◆ Aim of the exercise
Your copy of the entries below should hold exactly the lines from the one containing "PRODUKTA APRAKSTS GAMA" to the one containing "2013菏泽中考历史答案", inclusive, and no pictures.

◆ Given entries

▬▬▬▬▬▬▬▬▬▬

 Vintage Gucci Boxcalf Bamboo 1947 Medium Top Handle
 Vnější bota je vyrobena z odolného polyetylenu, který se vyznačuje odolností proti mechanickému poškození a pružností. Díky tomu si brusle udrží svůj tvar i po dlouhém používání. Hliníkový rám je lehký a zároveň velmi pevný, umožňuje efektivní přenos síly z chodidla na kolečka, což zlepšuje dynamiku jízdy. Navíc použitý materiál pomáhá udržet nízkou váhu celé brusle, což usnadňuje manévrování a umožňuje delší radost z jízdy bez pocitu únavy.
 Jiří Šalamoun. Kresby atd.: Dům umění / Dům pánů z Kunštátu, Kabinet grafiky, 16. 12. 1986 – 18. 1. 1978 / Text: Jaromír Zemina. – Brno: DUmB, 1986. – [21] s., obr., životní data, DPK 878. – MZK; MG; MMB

▬▬▬▬▬▬▬▬▬▬

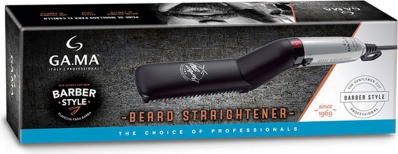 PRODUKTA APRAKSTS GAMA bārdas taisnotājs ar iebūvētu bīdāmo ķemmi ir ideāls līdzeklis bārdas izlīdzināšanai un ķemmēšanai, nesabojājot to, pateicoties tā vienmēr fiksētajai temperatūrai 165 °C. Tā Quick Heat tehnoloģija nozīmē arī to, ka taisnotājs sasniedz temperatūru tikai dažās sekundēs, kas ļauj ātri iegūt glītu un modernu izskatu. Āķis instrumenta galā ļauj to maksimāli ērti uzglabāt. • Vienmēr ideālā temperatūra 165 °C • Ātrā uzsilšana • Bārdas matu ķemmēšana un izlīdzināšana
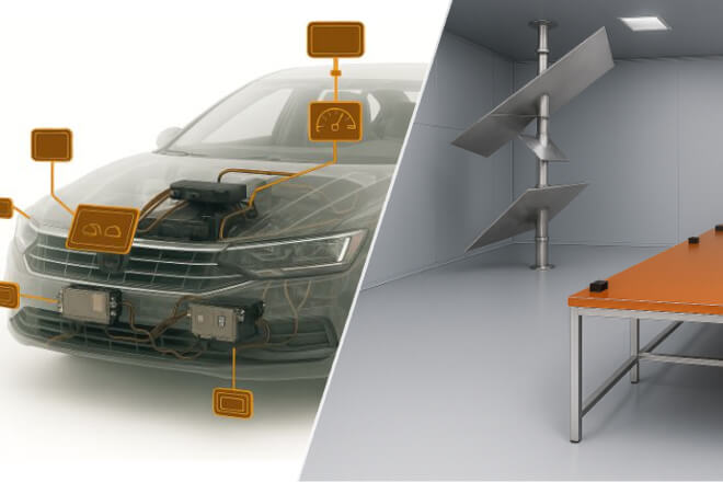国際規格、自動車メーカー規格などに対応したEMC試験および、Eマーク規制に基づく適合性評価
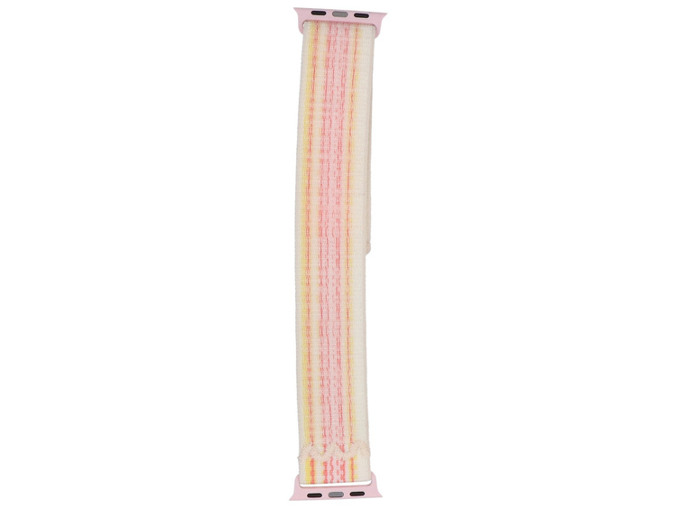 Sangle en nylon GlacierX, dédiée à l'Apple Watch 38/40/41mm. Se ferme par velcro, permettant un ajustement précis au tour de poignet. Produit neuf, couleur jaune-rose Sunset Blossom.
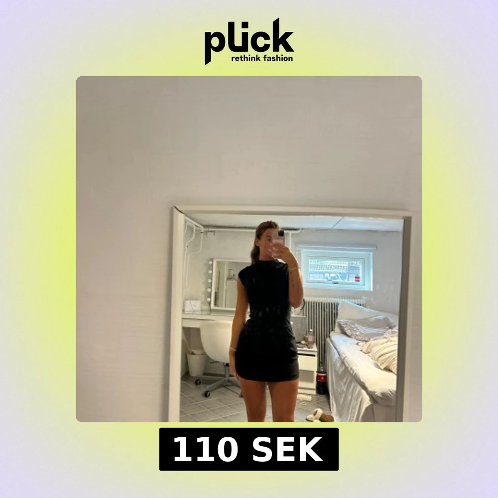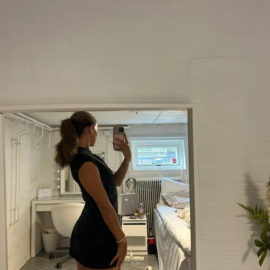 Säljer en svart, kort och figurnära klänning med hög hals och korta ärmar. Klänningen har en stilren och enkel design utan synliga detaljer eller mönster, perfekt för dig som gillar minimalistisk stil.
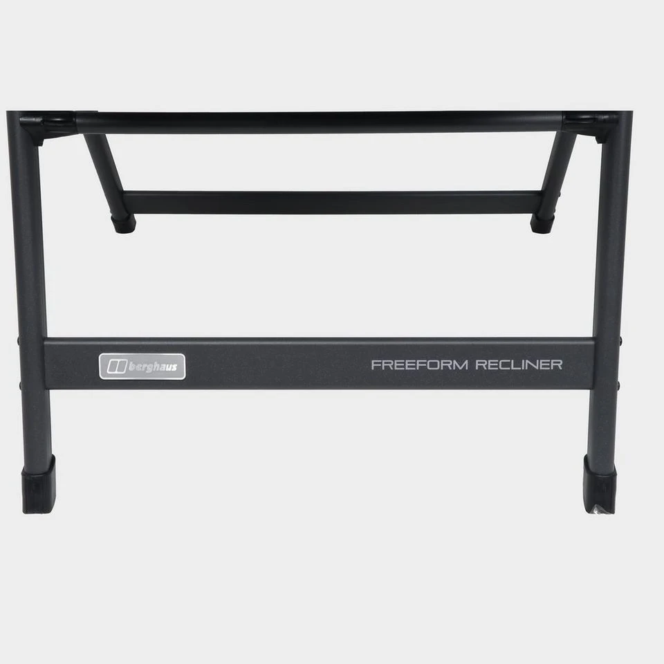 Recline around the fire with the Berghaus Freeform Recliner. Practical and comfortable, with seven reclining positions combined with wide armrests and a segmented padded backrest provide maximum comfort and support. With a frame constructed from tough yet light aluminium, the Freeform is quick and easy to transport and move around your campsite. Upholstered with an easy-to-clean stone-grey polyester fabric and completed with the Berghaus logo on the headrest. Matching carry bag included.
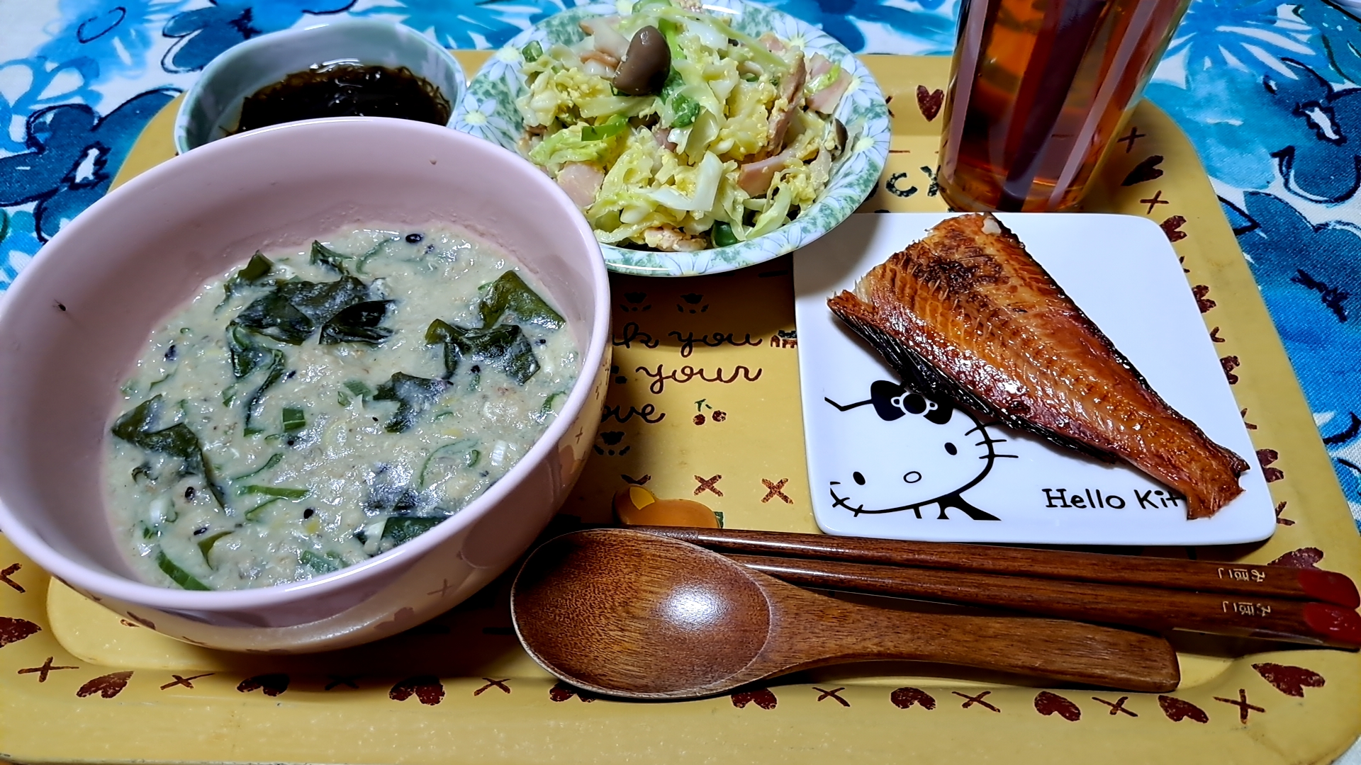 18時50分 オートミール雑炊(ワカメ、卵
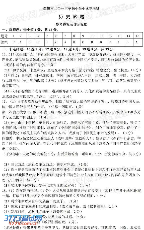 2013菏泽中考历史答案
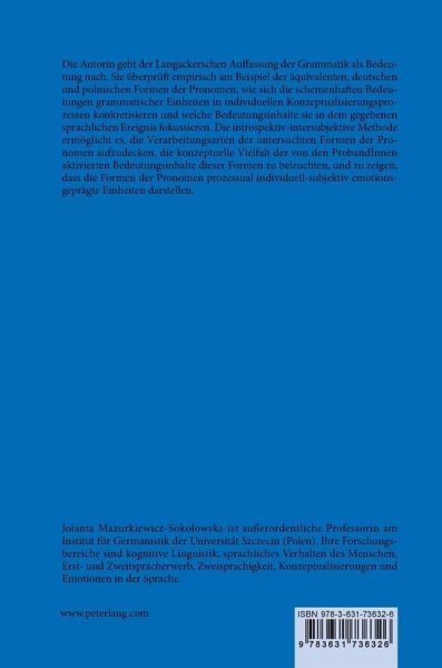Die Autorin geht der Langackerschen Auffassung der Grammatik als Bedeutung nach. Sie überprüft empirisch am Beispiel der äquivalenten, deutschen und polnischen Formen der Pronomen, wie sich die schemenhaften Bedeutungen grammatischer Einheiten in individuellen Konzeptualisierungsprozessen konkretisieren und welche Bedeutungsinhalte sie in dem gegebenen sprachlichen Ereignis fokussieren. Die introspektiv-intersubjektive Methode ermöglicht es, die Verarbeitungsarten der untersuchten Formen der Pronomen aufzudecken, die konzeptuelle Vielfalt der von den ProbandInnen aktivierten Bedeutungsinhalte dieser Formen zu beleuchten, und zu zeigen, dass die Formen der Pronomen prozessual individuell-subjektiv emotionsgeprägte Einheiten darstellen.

▬▬▬▬▬▬▬▬▬▬

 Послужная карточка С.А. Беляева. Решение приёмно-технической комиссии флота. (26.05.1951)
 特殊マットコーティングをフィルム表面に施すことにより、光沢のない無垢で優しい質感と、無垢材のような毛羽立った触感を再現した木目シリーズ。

▬▬▬▬▬▬▬▬▬▬

◆ Result
 PRODUKTA APRAKSTS GAMA bārdas taisnotājs ar iebūvētu bīdāmo ķemmi ir ideāls līdzeklis bārdas izlīdzināšanai un ķemmēšanai, nesabojājot to, pateicoties tā vienmēr fiksētajai temperatūrai 165 °C. Tā Quick Heat tehnoloģija nozīmē arī to, ka taisnotājs sasniedz temperatūru tikai dažās sekundēs, kas ļauj ātri iegūt glītu un modernu izskatu. Āķis instrumenta galā ļauj to maksimāli ērti uzglabāt. • Vienmēr ideālā temperatūra 165 °C • Ātrā uzsilšana • Bārdas matu ķemmēšana un izlīdzināšana
国際規格、自動車メーカー規格などに対応したEMC試験および、Eマーク規制に基づく適合性評価
 Sangle en nylon GlacierX, dédiée à l'Apple Watch 38/40/41mm. Se ferme par velcro, permettant un ajustement précis au tour de poignet. Produit neuf, couleur jaune-rose Sunset Blossom.
 Säljer en svart, kort och figurnära klänning med hög hals och korta ärmar. Klänningen har en stilren och enkel design utan synliga detaljer eller mönster, perfekt för dig som gillar minimalistisk stil.
 Recline around the fire with the Berghaus Freeform Recliner. Practical and comfortable, with seven reclining positions combined with wide armrests and a segmented padded backrest provide maximum comfort and support. With a frame constructed from tough yet light aluminium, the Freeform is quick and easy to transport and move around your campsite. Upholstered with an easy-to-clean stone-grey polyester fabric and completed with the Berghaus logo on the headrest. Matching carry bag included.
 18時50分 オートミール雑炊(ワカメ、卵
 2013菏泽中考历史答案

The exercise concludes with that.